Problem to solve
In the listing below, find the line containing "一幅令人惊叹的精致水彩画,描绘了各种菊花" and the line containing "Συνοδεύεται από πατάτες". Repeat exactly those two lines and every line between them, nothing more.
-------- Extracted data --------
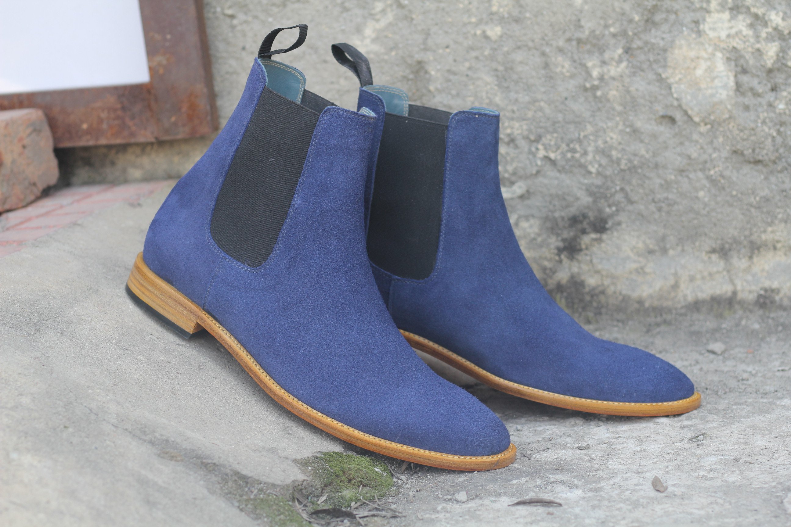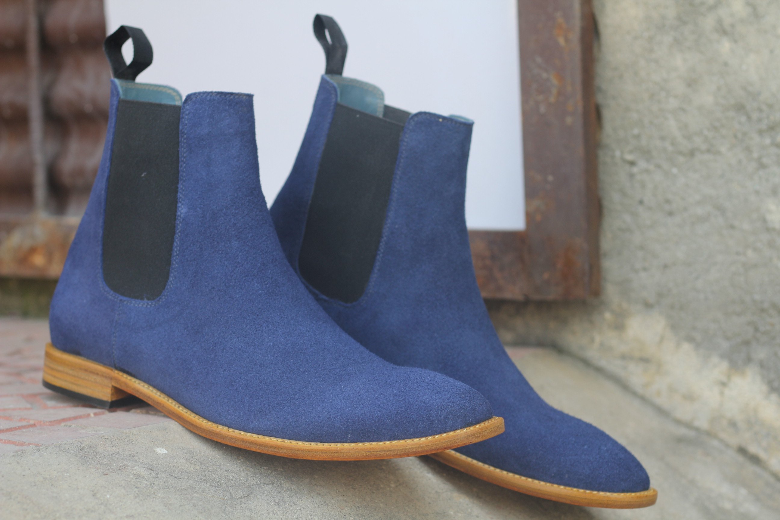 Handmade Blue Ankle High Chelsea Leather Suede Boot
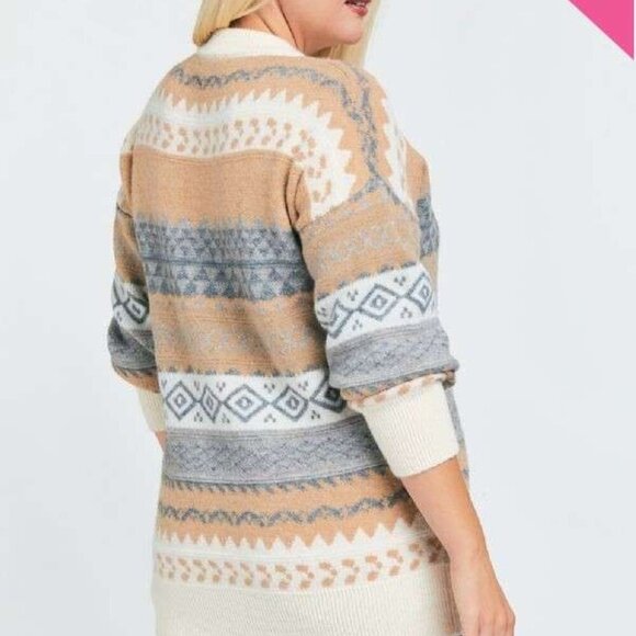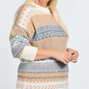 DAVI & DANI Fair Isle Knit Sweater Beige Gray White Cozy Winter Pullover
--------
-------- Extracted data --------
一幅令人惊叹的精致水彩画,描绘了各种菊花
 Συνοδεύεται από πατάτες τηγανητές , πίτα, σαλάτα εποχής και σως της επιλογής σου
--------
Answer to this task
一幅令人惊叹的精致水彩画,描绘了各种菊花
 Συνοδεύεται από πατάτες τηγανητές , πίτα, σαλάτα εποχής και σως της επιλογής σου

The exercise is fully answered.